El mapa mudo llegará a convertirse en una cartografía personal trazada a golpe de vivencias, después de otear horizontes; valorar pequeños detalles, iconos del sudor de sus gentes. Quedarán dibujadas en el mapa amplios campos nevados sobre los que se levanta el humo de las chimeneas, si es invierno; y, si es primavera o verano, el mapa mostrará suaves líneas que señalan los matorrales en donde crecen hierbas medicinales desconocidas con un olor penetrante. Y el mapa se completará al recordar cómo el sol, cada día, y al caer la tarde, se despedía acariciando casas, montes, valles y llanos y dejándolos en sombra y ateridos. Mi buen amigo, poeta del pueblo, José Sánchez del Moral lo cuenta así: “En Santiago está nevando,/ en sus ríos de cristal, /la luna se esta mirando,/ su cuerpecito serrano,/ que huele a menta y azahar”.

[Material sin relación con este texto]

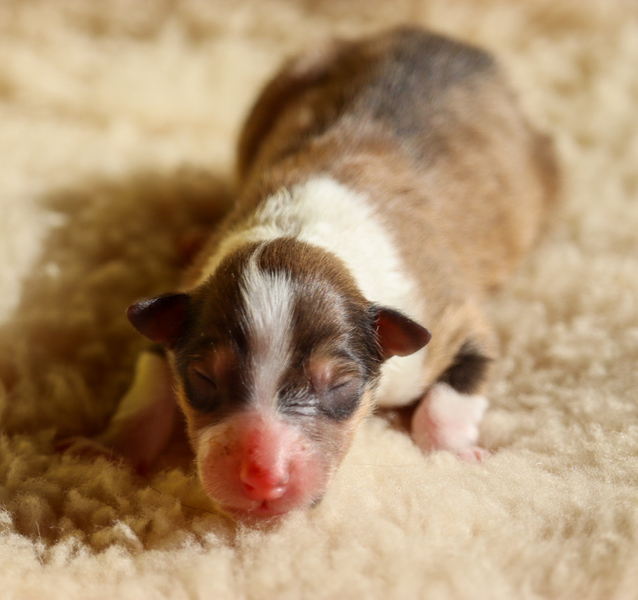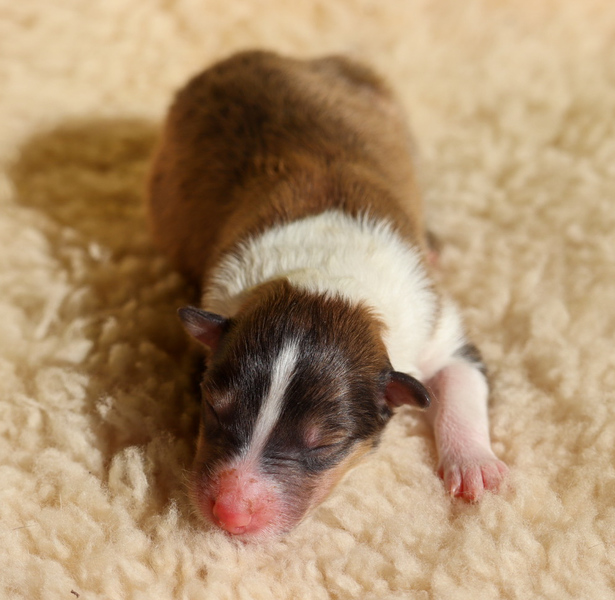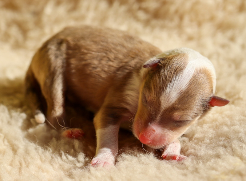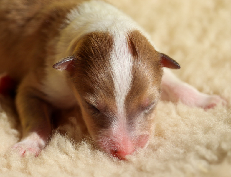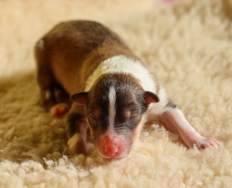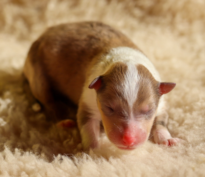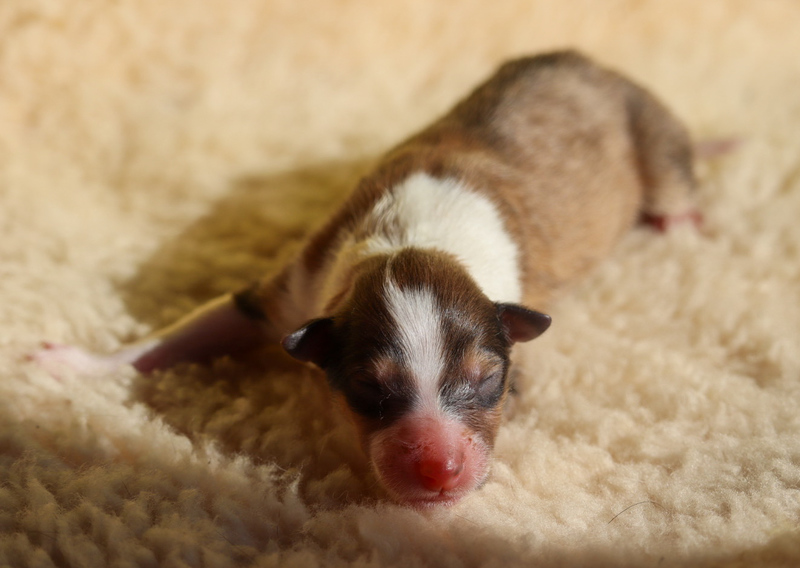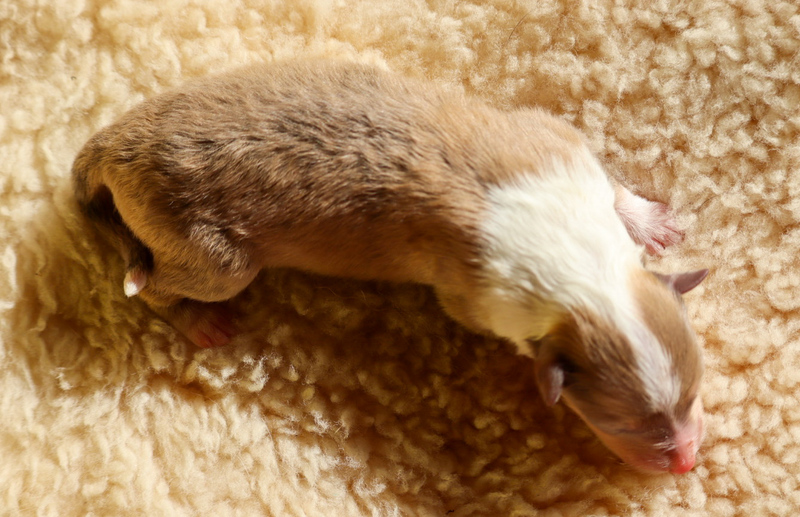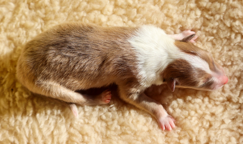 Geboren um 0:48 Uhr / Rüde / Gewicht 256g / dark sable - white

Para llegar a entender el alma de Santiago hay que verla en su dimensión poliédrica, compacta, simbiótica. Hay que recorrer su rica vega y entretenerse en La Matea, Los Teatinos, Don Domingo o el Patronato, y, seguir, por el camino que lleva a los Campos de Hernán Perea, hasta el Pino Galapán, con sus cuatro siglos de historia, sus 39 metros y sus 5,40 metros de diámetro, que solo pueden abrazarlo 4 o 5 personas. Pero además, hay que volcar hasta el surco que abre el Guadalquivir por las aldeas de La Loma “Mari Ángela”, Canalejas o Las Espumaredas. O recorriendo los campos que se abren, bajando a las Juntas de Miller, salpicados de caseríos a la izquierda y, a la derecha, esa delgada línea de agua, el Zumeta, que va marcando lindes con Albacete hasta fundirse con el Segura que viene lozano de su Fuente Segura, al pie del Pinar del Risco, en donde brota sereno, prefiere llevar sus aguas al Mediterráneo, dando la espaldas a “Las Andalucías”, como suelen llamar las gentes de Santiago a las tierras más allá de los Cerros de Úbeda.